Eine breite Diversifikation empfiehlt sich auch auf der Fremdkapitalseite. „Versuchen Sie viel von allem zu machen. Das ist der einzige Weg, um auch in Krisen Oberwasser zu behalten“, empfahl Philipp Lehner von Alliance Bernstein. Das Potenzial zum Streuen ist bei Real Estate Debt mit Segmenten, Risikostufen und Regionen gegeben. Gegen Krisen wie im vergangenen Jahr können sich Anleger aber auch mit einer guten Strukturierung wappnen. Lehner: „Im Falle von Whole Loans, wenn man also der einzige Kreditgeber ist, kann man direkt und schnell mit dem Kreditnehmer über alle Themen sprechen.“ Eine gute Umsetzung bezüglich Diversifikation, Strukturierung aber auch Regulierung – letzteres ist Alliance Bernstein als Ex-Axa-Asset-Manager sehr vertraut – ist eine gute Voraussetzung, dass diese Asset-Klasse bei Investoren auch künftig stark gefragt ist. Dann tritt ein, was Philipp Lehner im Panel prognostizierte: „Real Estate Debt nimmt mehr und mehr den Platz von Investment Grade Fixed Income ein.“
Aber ob nun Real Estate Debt oder die Equity-Seite: „Ich glaube nicht, dass sich die vergangenen Immobilienrenditen in der Zukunft erwirtschaften lassen“, sagte Korfmacher. Was dem WPV dann wohl noch mehr hilft, ist der gewachsene Erfahrungsschatz. „Heute können wir auch Direkt-Investments machen und nehmen an Top-Standorten auch Projektentwicklungsrisiken.“ Neben einer Top-Lage – Achim von der Lahr: „Da machen Investoren keine Kompromisse“ – werden künftig aber auch gute Dienstleister sehr gefragt sein. Marcus Rösch: „Investoren suchen bei uns Qualität, aber auch Lösungen für Themen wie Leerstände oder Strukturierungen. Wer dagegen höhere Risiken, beispielsweise bei der Lage, eingeht, weiß das vielleicht noch gar nicht.“
Aber auch, wenn sich Immobilien künftig als weniger ertragreich erweisen: Diese Asset-Klasse wird weiter gefragt sein. Dies gilt genauso für Infrastructure Debt. Für dieses alternative Segment hat Peter Brodehser gute Argumente: „Wir können den Yield pick-up über die Illiquiditäts-, Durations- und Komplexitätsprämie heben. Zweitens ist gemessen am Loss Given Default das Risiko viel geringer. Drittens kann man mit Infrastrukturfinanzierungen Aktiva und Passiva durationsseitig gut matchen und viertens auf ESG-Ziele einwirken.“ Im Vergleich zur Eigenkapitalseite führt Brodehser zudem noch das Argument an, dass Debt weniger arbeitsintensiv ist. Grundsätzlich empfiehlt Brodehser aber, sowohl EK und FK abzudecken. Zur Zweigleisigkeit rät Brodehser aber auch bezüglich Infrastructure Debt und Real Estate Debt: „Beides ist komplementär und adressiert die verschiedenen Bedürfnisse in einem Versicherungskonzern.“ Zudem erhöht sich die Streuung.

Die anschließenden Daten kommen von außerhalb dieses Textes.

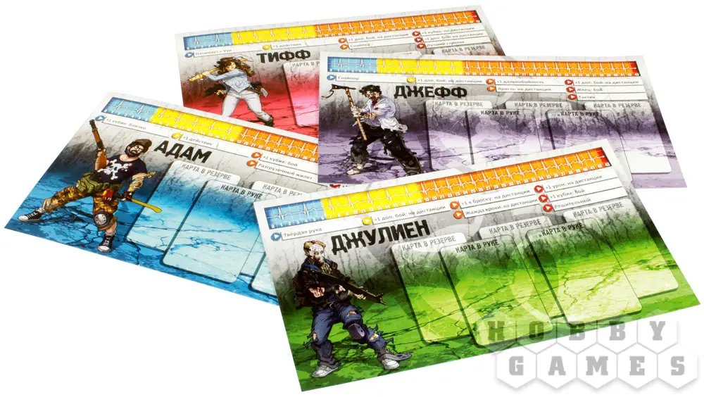 новое правило «Заражённого» — если всё пошло наперекосяк, и вы погибли (именно от рук зомби), не спешите выходить из игры. Вы можете отомстить за обиду, вернувшись в игру в виде заражённого персонажа. Да, скорее всего вы уже обречены, но вы ещё успеете дать жару! Вы становитесь гораздо более выносливыми (целых 5 ран, вместо обычных 2), но и более медлительными — вы не получаете добавочное действие на жёлтом уровне опасности. Опытные игроки могут сразу начинать игру за заражённого персонажа;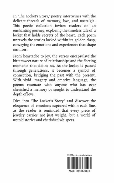In "The Locket's Story," poetry intertwines with the delicate threads of memory, love, and nostalgia. This poetic collection invites readers on an enchanting journey, exploring the timeless tale of a locket that holds secrets of the heart. Each poem unravels the stories locked within its golden clasp, conveying the emotions and experiences that shape our lives. From heartache to joy, the verses encapsulate the bittersweet nature of relationships and the fleeting moments that define us. As the locket is passed through generations, it becomes a symbol of connection, bridging the past with the present. With vivid imagery and emotive language, the poems resonate with anyone who has ever cherished a memory or sought to understand the depth of love. Dive into "The Locket's Story" and discover the eloquence of emotions captured within each line, as the reader is reminded that every piece of jewelry carries not just weight, but a world of untold stories and cherished whispers.

Dass die Frage der Abgrenzung von Finanzierungen für Infrastruktur und Immobilien nicht nur akademischer Natur ist, zeigte sich im Verlauf der Debatte. Für Praktiker können sich die Unterschiede mitunter in der Komplexität zeigen. Brodehser führt unter anderem die Herausforderungen bei der Planung eines Offshore-Windparks oder den Vogelschutz im Betrieb eines Onshore-Windparks an. „Dieser Komplexitätsgehalt findet sich dann auch in der Vertragsgestaltung wieder. Bei Infrastruktur kommen die Verträge auf mehrere 100 Seiten.“ Allerdings sind die Unterschiede nicht in jedem Segment groß. Stefan Baatz, Senior Investment Manager der Meag, die wie die Talanx ebenfalls auch über Segmente breit streut, führt bezüglich dieses Themas digitale Infrastruktur beziehungsweise ein Rechenzentrum an. Ein solches Asset ist schlussendlich ein Gebäude, für dessen Nutzung Mietzahlungen anfallen. Im konkreten Fall sind es fixe Zahlungen über 15 Jahre für ein von der Meag finanziertes Hyperscale Data Center nahe Amsterdam. „Der Vermieter ist nur für das Gebäude verantwortlich sowie für die Stromversorgung und adäquate Umweltbedingungen im Hinblick auf Temperatur und Luftfeuchtigkeit. Da das Asset neu und modern ist, haben wir bei der Due Diligence Verfehlungen bei diesen Critical Services als eher unwahrscheinlich eingestuft“, so Baatz. Bei der Analyse stehe darum wie bei einer Immobilie der Mietvertrag im Mittelpunkt. „Auch beim Zahlungsstrom erinnert das Asset an eine Single-Tenant-Immobilie – wie auch an ein Infrastruktur-Asset auf Basis eines Verfügbarkeitsmodells“, erläuterte Baatz. Weitere Parallelen: Die Finanzierung läuft in diesem Fall nur über fünf Jahre und der Kreditgeber ist durch eine Grundschuld besichert. Zudem werden Data Center auf dem reiferen US-Markt als Commercial Real Estate Assets klassifiziert und Finanzierungen von Data Centern häufiger mittels CMBS verbrieft.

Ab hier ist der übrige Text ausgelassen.